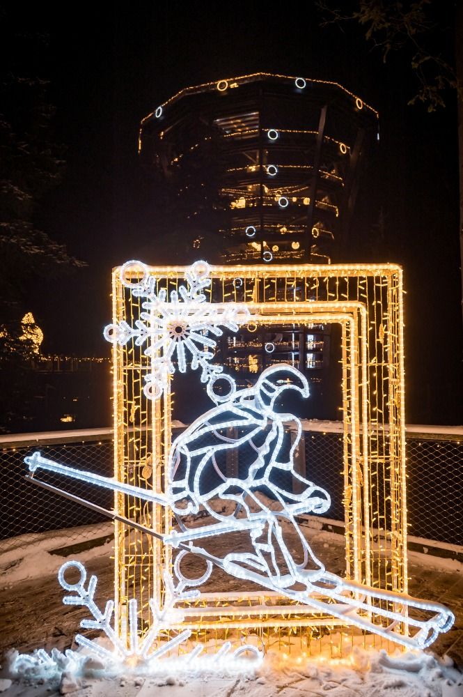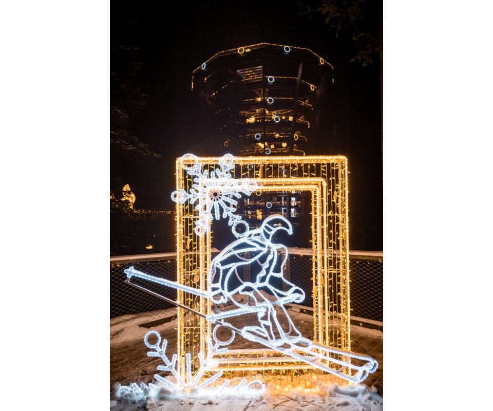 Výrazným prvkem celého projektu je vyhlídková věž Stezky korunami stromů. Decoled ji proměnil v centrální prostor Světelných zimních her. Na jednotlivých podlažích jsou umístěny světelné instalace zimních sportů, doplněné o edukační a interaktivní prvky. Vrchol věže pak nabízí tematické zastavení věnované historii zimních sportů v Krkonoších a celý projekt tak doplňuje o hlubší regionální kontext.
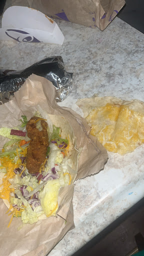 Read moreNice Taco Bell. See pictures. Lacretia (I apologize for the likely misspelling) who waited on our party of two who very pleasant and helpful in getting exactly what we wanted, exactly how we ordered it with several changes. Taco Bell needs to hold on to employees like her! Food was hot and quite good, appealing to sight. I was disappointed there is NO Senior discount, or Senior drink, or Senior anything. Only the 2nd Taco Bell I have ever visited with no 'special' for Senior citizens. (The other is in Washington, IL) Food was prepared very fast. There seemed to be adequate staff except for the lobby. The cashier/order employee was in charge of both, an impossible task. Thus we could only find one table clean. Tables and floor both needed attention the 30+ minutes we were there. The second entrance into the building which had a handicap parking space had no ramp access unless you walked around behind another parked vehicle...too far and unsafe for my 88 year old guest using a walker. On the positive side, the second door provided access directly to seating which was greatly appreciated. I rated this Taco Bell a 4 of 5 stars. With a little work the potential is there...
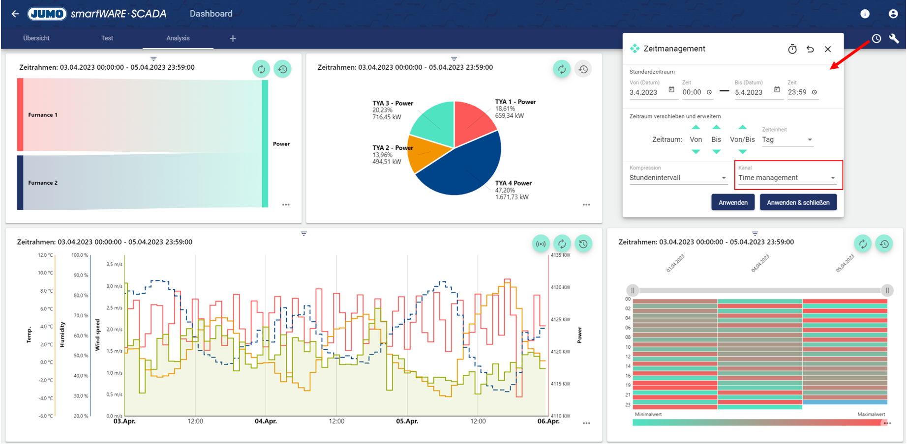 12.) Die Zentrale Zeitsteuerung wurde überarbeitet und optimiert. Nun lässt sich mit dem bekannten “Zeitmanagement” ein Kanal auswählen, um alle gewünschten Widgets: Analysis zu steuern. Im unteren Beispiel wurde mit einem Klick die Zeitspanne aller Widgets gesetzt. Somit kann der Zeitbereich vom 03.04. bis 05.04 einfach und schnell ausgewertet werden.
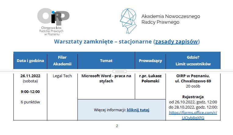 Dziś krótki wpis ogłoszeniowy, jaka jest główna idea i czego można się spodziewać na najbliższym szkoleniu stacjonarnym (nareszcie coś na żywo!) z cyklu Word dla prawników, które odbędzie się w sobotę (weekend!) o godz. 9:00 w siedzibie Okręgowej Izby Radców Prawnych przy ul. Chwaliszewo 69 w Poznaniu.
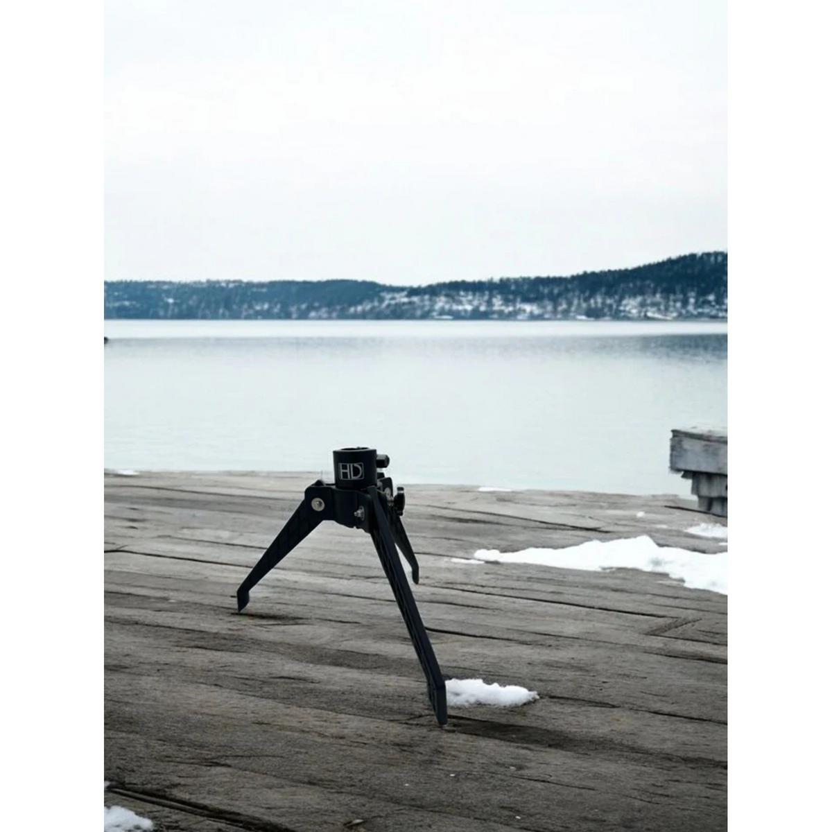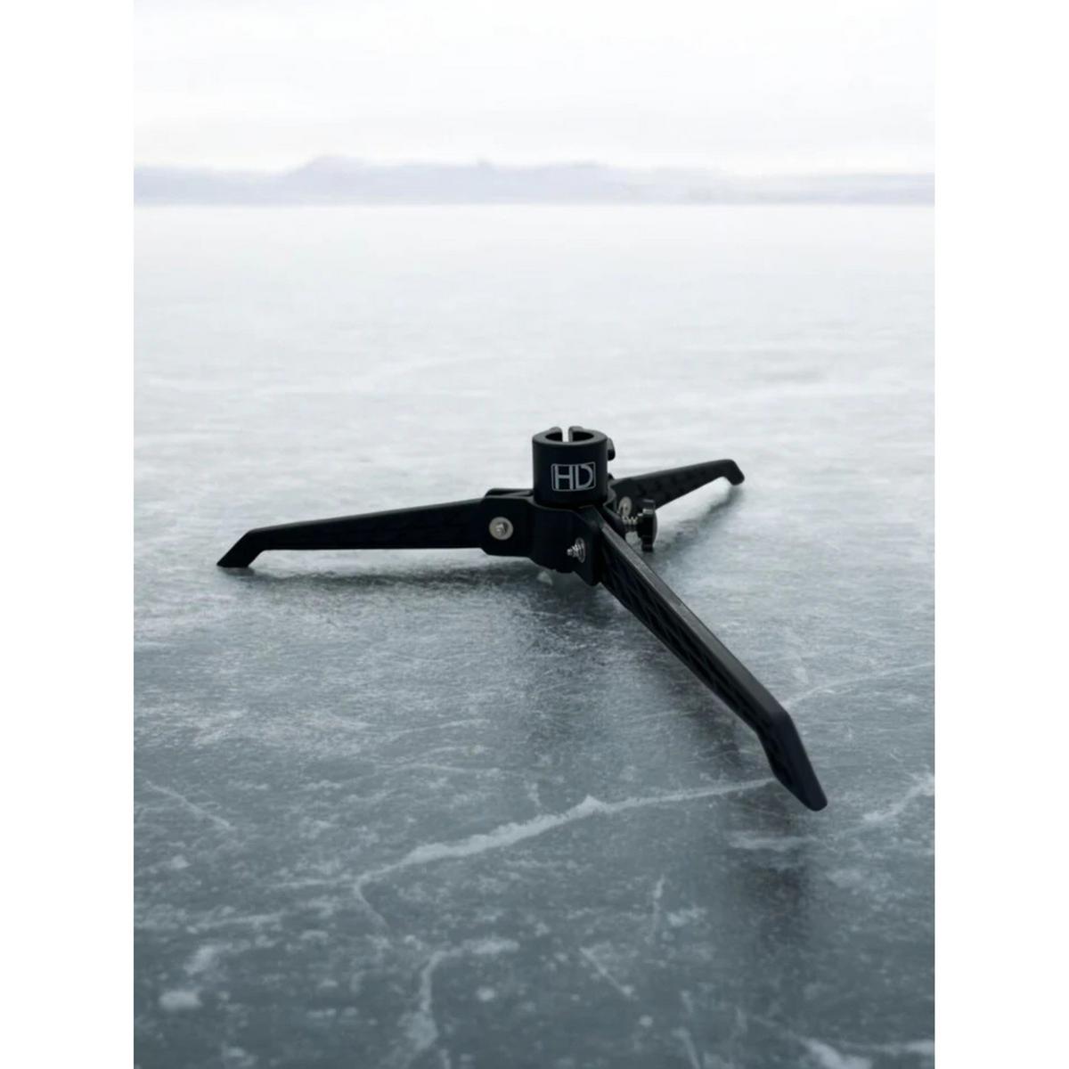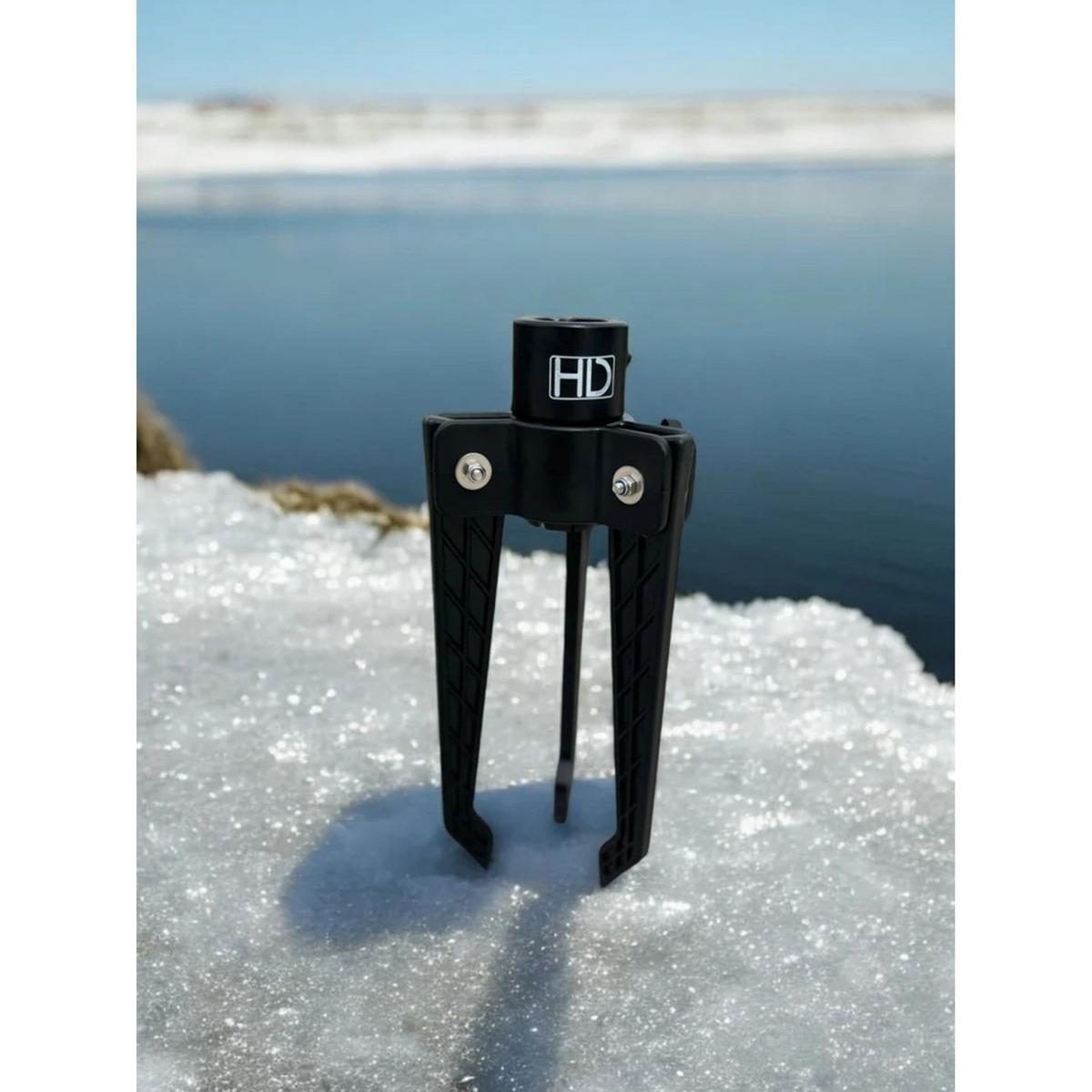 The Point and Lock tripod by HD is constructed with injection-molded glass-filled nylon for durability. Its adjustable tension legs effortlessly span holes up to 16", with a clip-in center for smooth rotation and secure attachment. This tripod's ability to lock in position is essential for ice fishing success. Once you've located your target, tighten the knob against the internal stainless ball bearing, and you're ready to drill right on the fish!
● ● ● ● ● ● ●
**What needs to be done:** When you copy the records above, keep every word exact but leave out the pictures.

**Response to this exercise:**
 Výrazným prvkem celého projektu je vyhlídková věž Stezky korunami stromů. Decoled ji proměnil v centrální prostor Světelných zimních her. Na jednotlivých podlažích jsou umístěny světelné instalace zimních sportů, doplněné o edukační a interaktivní prvky. Vrchol věže pak nabízí tematické zastavení věnované historii zimních sportů v Krkonoších a celý projekt tak doplňuje o hlubší regionální kontext.
 Read moreNice Taco Bell. See pictures. Lacretia (I apologize for the likely misspelling) who waited on our party of two who very pleasant and helpful in getting exactly what we wanted, exactly how we ordered it with several changes. Taco Bell needs to hold on to employees like her! Food was hot and quite good, appealing to sight. I was disappointed there is NO Senior discount, or Senior drink, or Senior anything. Only the 2nd Taco Bell I have ever visited with no 'special' for Senior citizens. (The other is in Washington, IL) Food was prepared very fast. There seemed to be adequate staff except for the lobby. The cashier/order employee was in charge of both, an impossible task. Thus we could only find one table clean. Tables and floor both needed attention the 30+ minutes we were there. The second entrance into the building which had a handicap parking space had no ramp access unless you walked around behind another parked vehicle...too far and unsafe for my 88 year old guest using a walker. On the positive side, the second door provided access directly to seating which was greatly appreciated. I rated this Taco Bell a 4 of 5 stars. With a little work the potential is there...
 12.) Die Zentrale Zeitsteuerung wurde überarbeitet und optimiert. Nun lässt sich mit dem bekannten “Zeitmanagement” ein Kanal auswählen, um alle gewünschten Widgets: Analysis zu steuern. Im unteren Beispiel wurde mit einem Klick die Zeitspanne aller Widgets gesetzt. Somit kann der Zeitbereich vom 03.04. bis 05.04 einfach und schnell ausgewertet werden.
 Dziś krótki wpis ogłoszeniowy, jaka jest główna idea i czego można się spodziewać na najbliższym szkoleniu stacjonarnym (nareszcie coś na żywo!) z cyklu Word dla prawników, które odbędzie się w sobotę (weekend!) o godz. 9:00 w siedzibie Okręgowej Izby Radców Prawnych przy ul. Chwaliszewo 69 w Poznaniu.
 The Point and Lock tripod by HD is constructed with injection-molded glass-filled nylon for durability. Its adjustable tension legs effortlessly span holes up to 16", with a clip-in center for smooth rotation and secure attachment. This tripod's ability to lock in position is essential for ice fishing success. Once you've located your target, tighten the knob against the internal stainless ball bearing, and you're ready to drill right on the fish!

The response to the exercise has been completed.